O novo estudo da cratera de impacto SPA revelou uma assimetria impressionante e inesperada em torno da bacia que suporta exactamente esse cenário: a manta de material ejectado no seu lado ocidental é rica em tório radioactivo, mas não no seu flanco oriental. Isto sugere que o corte deixado pelo impacto criou uma janela através da pele da lua bem na fronteira que separa a crosta subjacente aos últimos remanescentes do oceano de magma enriquecido com KREEP da crosta “regular”.
“Nosso estudo mostra que a distribuição e composição desses materiais correspondem às previsões que obtemos ao modelar os últimos estágios da evolução do oceano de magma”, disse Andrews-Hanna. “Os últimos resíduos do oceano de magma lunar acabaram no lado mais próximo, onde vemos as maiores concentrações de elementos radioativos. Mas em algum momento anterior, uma camada fina e irregular de oceano de magma teria existido abaixo de partes do outro lado, explicando o material ejetado radioativo em um lado da bacia de impacto da SPA.”
Muitos mistérios que cercam a história inicial da Lua ainda permanecem e, assim que os astronautas trouxerem amostras de volta à Terra, os investigadores esperam encontrar mais peças do puzzle. Dados de sensoriamento remoto coletados por espaçonaves em órbita como os usados para este estudo fornecem aos pesquisadores uma ideia básica da composição da superfície lunar, de acordo com Andrews-Hanna. O tório, um elemento importante no material rico em KREEP, é fácil de detectar, mas obter uma análise mais detalhada da composição é um trabalho mais pesado.
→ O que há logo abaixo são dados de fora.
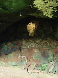 To the back of the Great Cave, flights of wooden steps takes me through a gaping hole into another cavern known as the Padang or Large Chamber. It is here that visitors may be able to catch the birdnest harvesters in action. There are bamboo and rattan ladders leading into tiny holes in the ceiling. The walk becomes more difficult as I shuffle along the slippery wooden walkway.
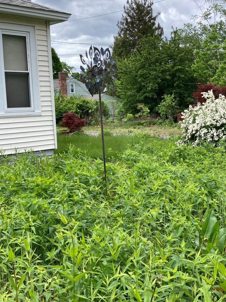 “The first thing I did was to visit a local native plant nursery (Nasami Farm in Whately, MA) where I was impressed with their pollinator garden kits, so I decided to start small and bought two kits (a total of 100 plugs with a mix of native flowers and grasses) to plant between the few (non-native) shrubs and flowering trees I’d planted during my first couple of springs in this house as a privacy screen between my deck and the street. I bordered that area with granite bricks as edging and was hoping the pollinator-friendly plants would become an effective ground cover. In addition to the love of wildflowers, my mom had also taught me to experiment in the garden, and she modeled for me that any and all plants can be moved around, sometimes over and over again until you find just the right place for them. So I was confident that this experiment would be something I could play around with in the future, and I planted the plugs in clusters through the area in hopes of creating waves of color beneath the branches. It worked! The remaining side “lawn”–and I’m using that term very loosely–was now much smaller (approximately 20’ x 44’ of green remained, with a mulch pad around the base of a bridal veil spirea on one edge and a narrow mulch path on the house side), and it was still a nightmare to mow. I used to tell friends it was a “broken ankle waiting to happen” because my little battery powered mower was especially hard to push around on the uneven, weed-filled ground. So, mowing that section, with a sidewalk on the short end and a gravel street edge on the long side, felt more like an obstacle course than anything. I knew something had to change; I just didn’t know what that change might be yet. And this side area got the best sun in the entire yard, so it seemed a shame to waste it on grass, especially not-so-nice grass.” (Image below is from 2020, the first spring with my pollinator garden inside the circle of stones and with the side yard in the background, still just grass)
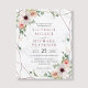 Create your own modern and sophisticated style wedding invitations with rose-gold geometric pattern and pink watercolor floral illustration on a marble textured background.
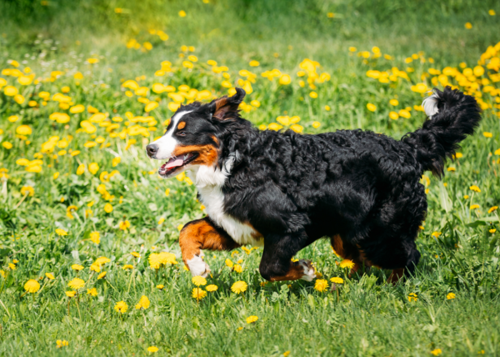 Tracing their roots to the canton of Bern in Switzerland, these giant mountain dogs were bred to live on family farms in the region. The breed is beautiful, with a long-haired coat that is black with tan markings like a Doberman, but with a white shock of chest hair and a white line down the nose. They are exceptionally friendly and love to bound about, sticking close to people.
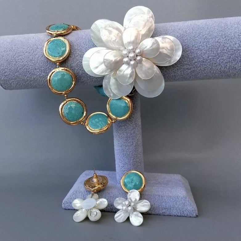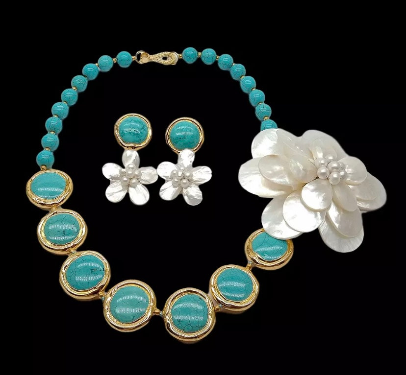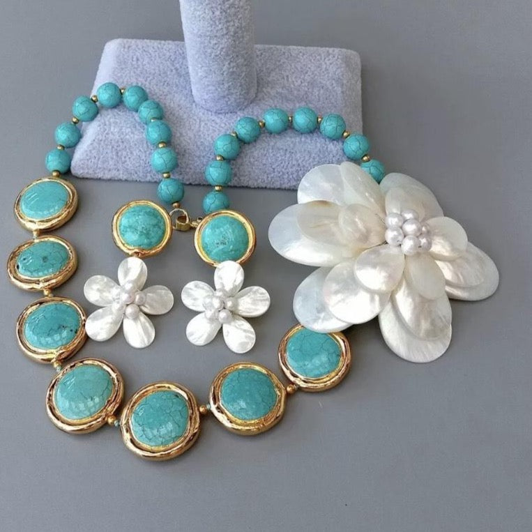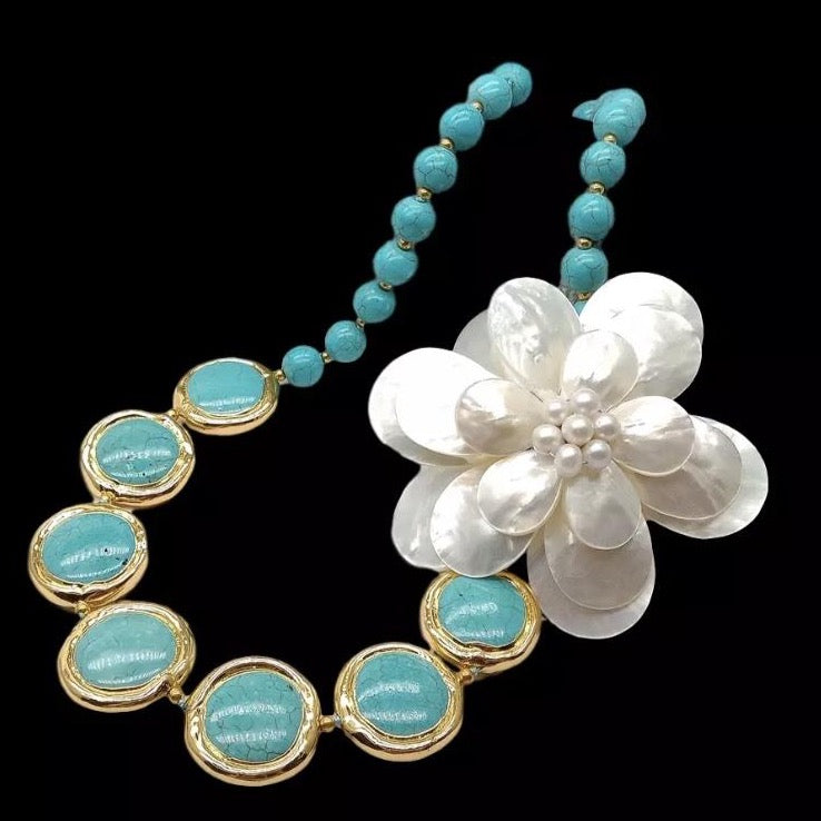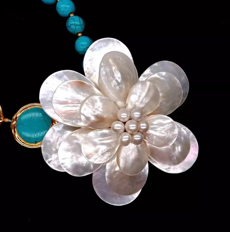 Coastal Turquoise & Pearl Pendant Statement Necklace 20”
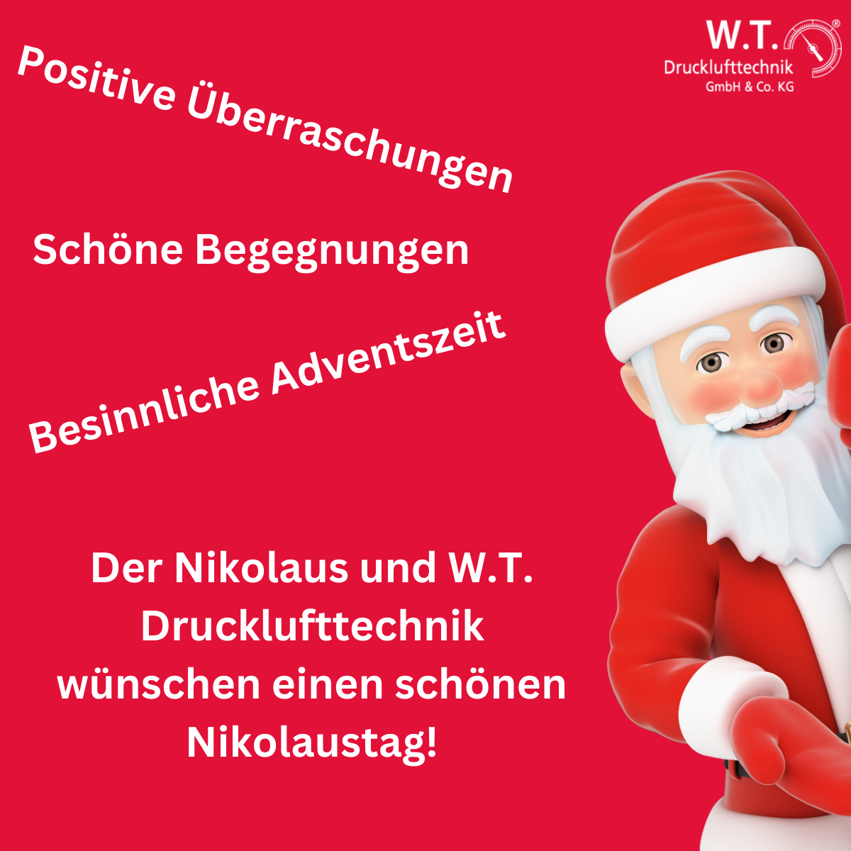 W.T. Drucklufttechnik wünscht einen wunderbaren Nikolaustag – mit frischer Druckluft, guter Stimmung und vielen positiven Überraschungen!
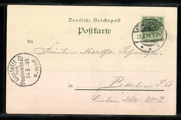 Personenbezogene Daten auf der Rückseite der Karte wurden durch blauen Textmarker unkenntlich gemacht. Die blauen Stellen sind auf die Vorderseite durchgeweicht und wirken sich negativ auf das Postkartenfoto aus
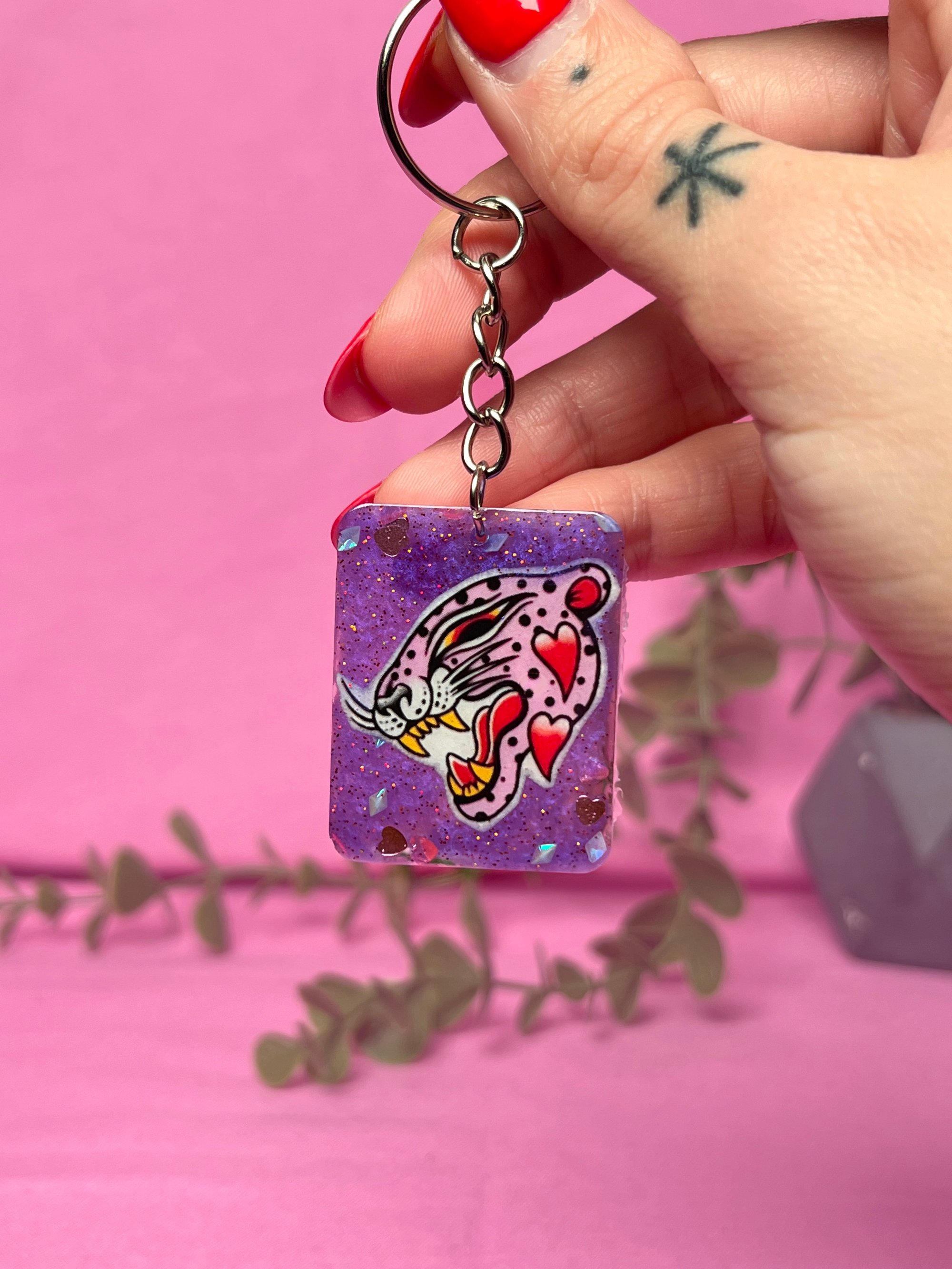 Leopard purple keychain
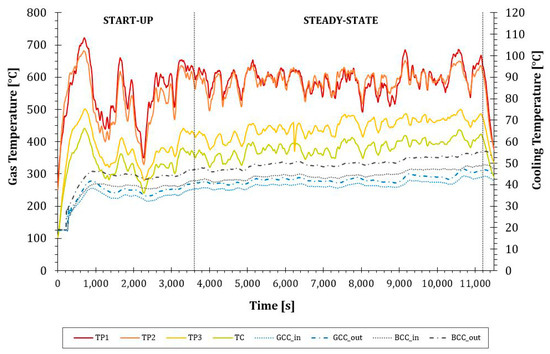Time evolution of temperature signals for a complete experiment. The left axis represents the gas temperatures along the plant from the post-combustion module (TP1, TP2, and TP3) to the chimney (TC). The right axis represents the cooling temperatures before and after the combustion for both water circuits: general (GCC in and out) and bed (BCC in and out).

“Essas amostras serão analisadas por cientistas de todo o mundo, inclusive aqui na Universidade do Arizona, onde temos instalações de última geração especialmente projetadas para esse tipo de análise”, disse ele.
“Com o Artemis, teremos amostras para estudar aqui na Terra e saberemos exatamente o que são”, disse ele. “O nosso estudo mostra que estas amostras podem revelar ainda mais sobre a evolução inicial da Lua do que se pensava.”